> **Work required**
An exact copy of the listing below is required, minus its pictures.
(Beginning of Data section)
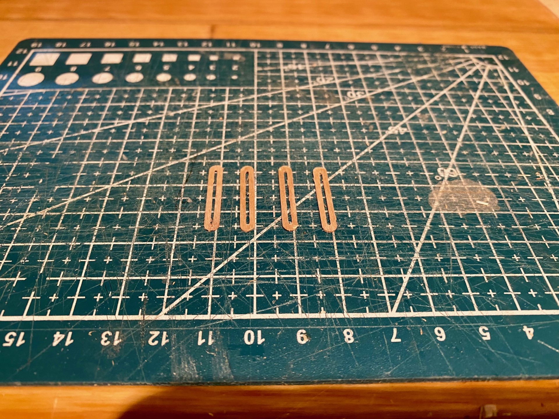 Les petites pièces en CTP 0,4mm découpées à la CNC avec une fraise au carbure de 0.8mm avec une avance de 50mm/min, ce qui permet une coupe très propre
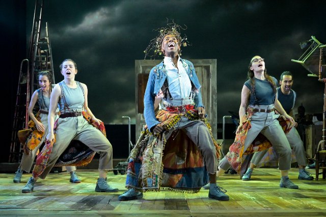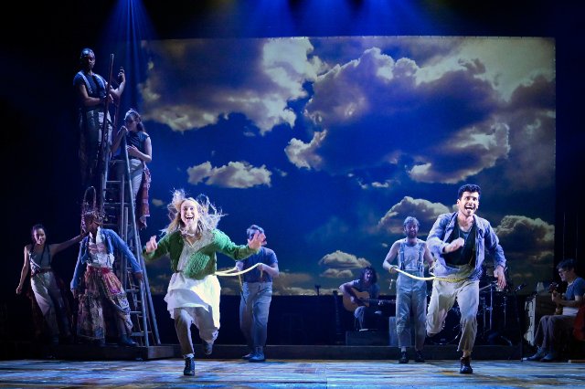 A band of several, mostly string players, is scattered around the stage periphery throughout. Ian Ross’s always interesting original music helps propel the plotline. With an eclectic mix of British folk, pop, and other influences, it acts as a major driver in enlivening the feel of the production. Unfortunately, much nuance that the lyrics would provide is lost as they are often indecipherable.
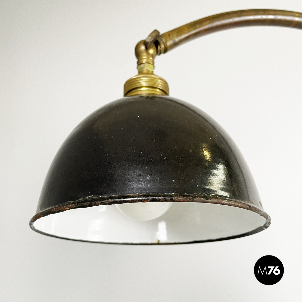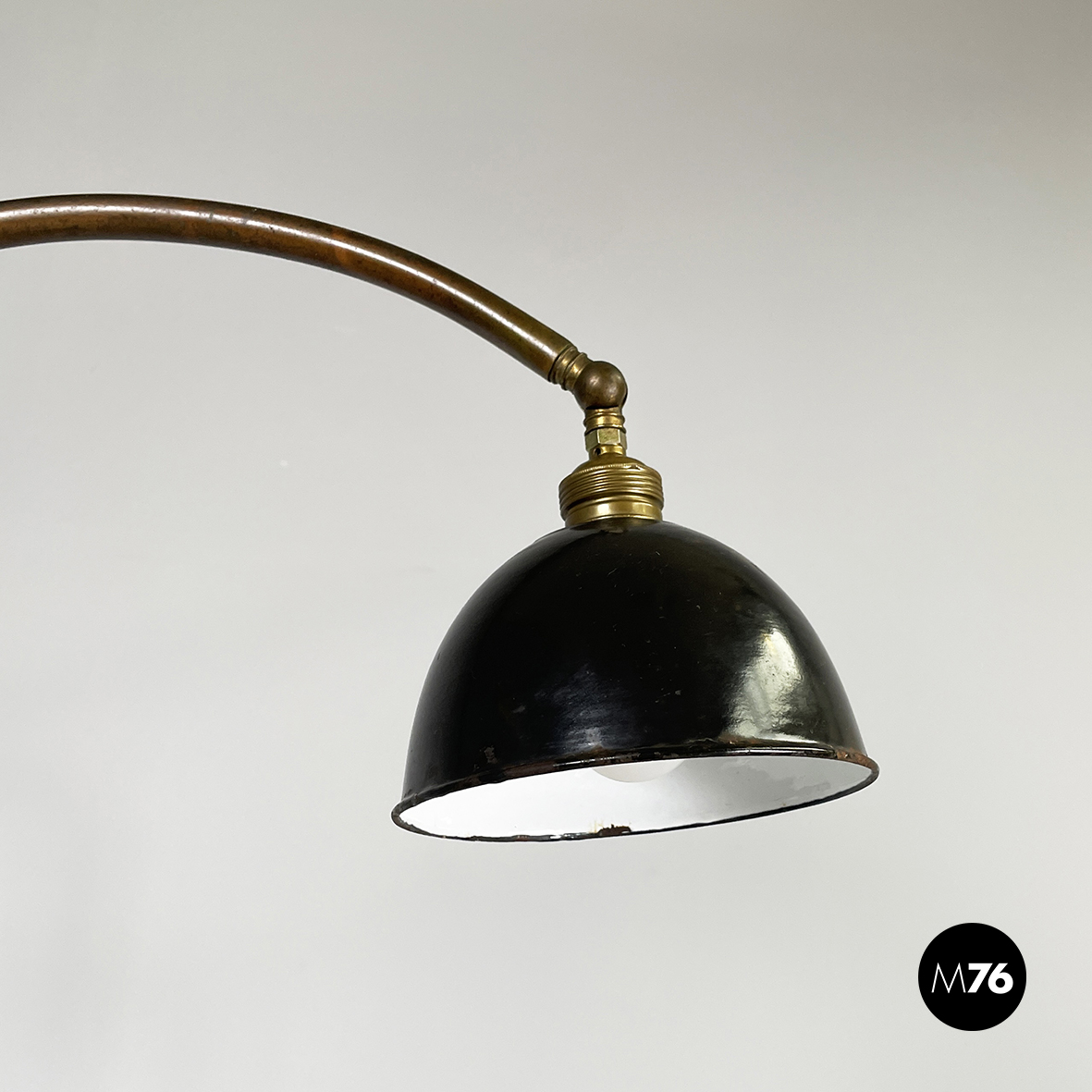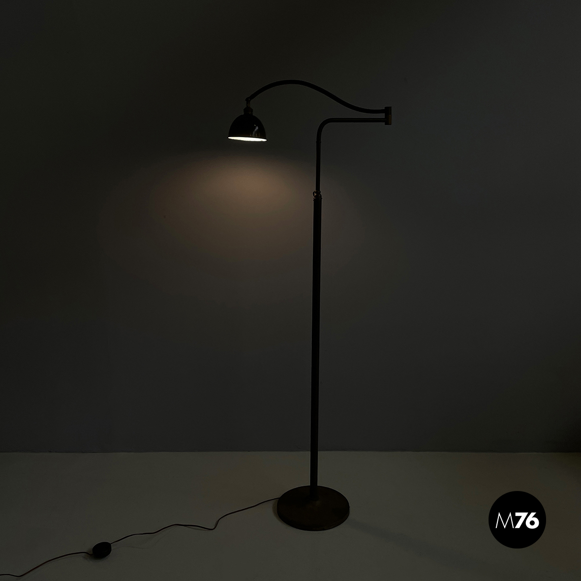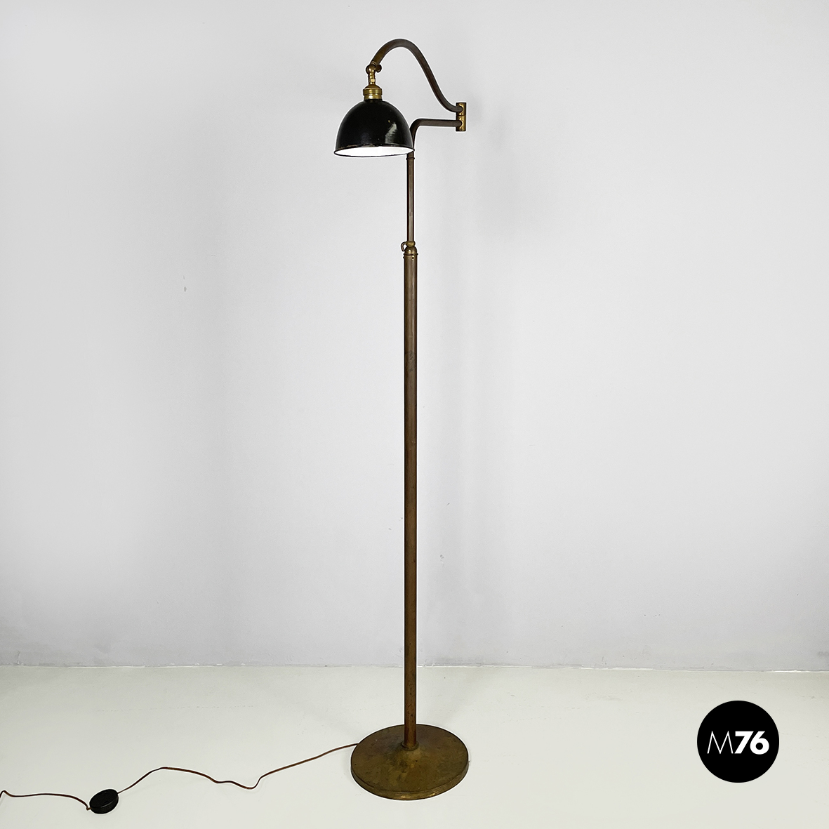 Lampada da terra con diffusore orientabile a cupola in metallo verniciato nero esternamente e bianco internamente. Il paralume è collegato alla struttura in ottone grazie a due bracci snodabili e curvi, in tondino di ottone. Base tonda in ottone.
(End of Data section)
> **Result**
 Les petites pièces en CTP 0,4mm découpées à la CNC avec une fraise au carbure de 0.8mm avec une avance de 50mm/min, ce qui permet une coupe très propre
 A band of several, mostly string players, is scattered around the stage periphery throughout. Ian Ross’s always interesting original music helps propel the plotline. With an eclectic mix of British folk, pop, and other influences, it acts as a major driver in enlivening the feel of the production. Unfortunately, much nuance that the lyrics would provide is lost as they are often indecipherable.
 Lampada da terra con diffusore orientabile a cupola in metallo verniciato nero esternamente e bianco internamente. Il paralume è collegato alla struttura in ottone grazie a due bracci snodabili e curvi, in tondino di ottone. Base tonda in ottone.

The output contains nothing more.